• **Exercise data**:
•••••

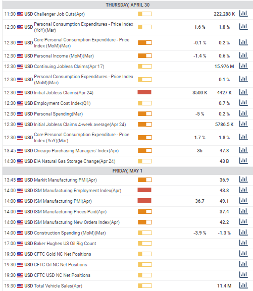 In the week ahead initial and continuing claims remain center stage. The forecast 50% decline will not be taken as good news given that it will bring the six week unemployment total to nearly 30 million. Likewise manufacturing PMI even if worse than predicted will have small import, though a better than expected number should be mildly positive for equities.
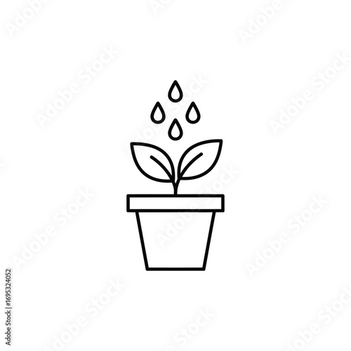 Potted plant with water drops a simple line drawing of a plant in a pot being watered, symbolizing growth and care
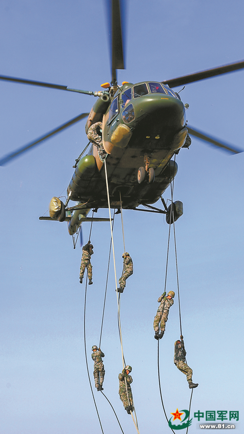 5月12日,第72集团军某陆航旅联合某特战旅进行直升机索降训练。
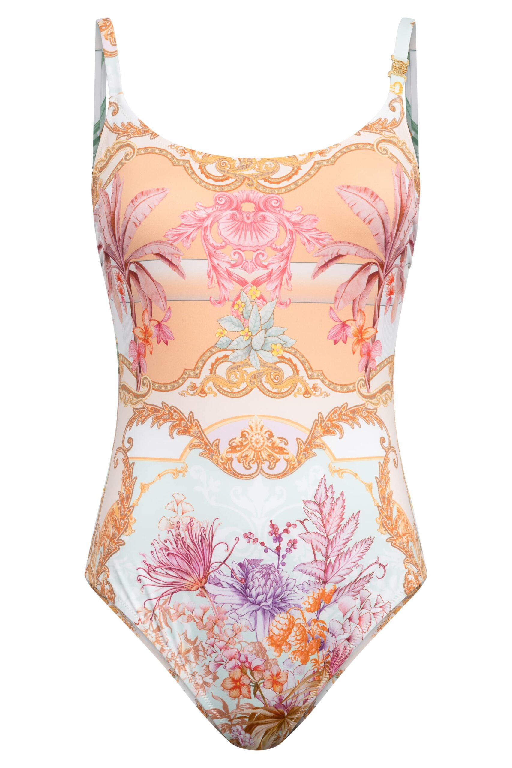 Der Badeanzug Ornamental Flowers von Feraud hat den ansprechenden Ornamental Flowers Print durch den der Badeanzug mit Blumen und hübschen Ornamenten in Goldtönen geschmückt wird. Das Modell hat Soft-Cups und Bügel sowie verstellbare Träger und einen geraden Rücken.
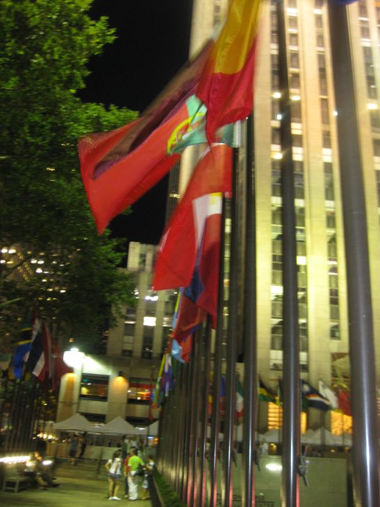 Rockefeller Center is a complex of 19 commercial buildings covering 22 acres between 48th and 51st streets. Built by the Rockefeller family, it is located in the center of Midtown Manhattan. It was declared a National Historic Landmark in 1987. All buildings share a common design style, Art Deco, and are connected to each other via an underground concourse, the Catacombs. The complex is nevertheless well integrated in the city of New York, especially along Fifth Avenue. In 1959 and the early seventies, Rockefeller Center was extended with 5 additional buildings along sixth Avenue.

•••••

• **Aim of the task**:
The lines above from the line with "5月12日,第72集团军某陆航旅联合某特战旅进行直升机索降训练。" through the line with "Der Badeanzug Ornamental" are to be given again word for word, with no pictures among them.

• **Response area**:
 5月12日,第72集团军某陆航旅联合某特战旅进行直升机索降训练。
 Der Badeanzug Ornamental Flowers von Feraud hat den ansprechenden Ornamental Flowers Print durch den der Badeanzug mit Blumen und hübschen Ornamenten in Goldtönen geschmückt wird. Das Modell hat Soft-Cups und Bügel sowie verstellbare Träger und einen geraden Rücken.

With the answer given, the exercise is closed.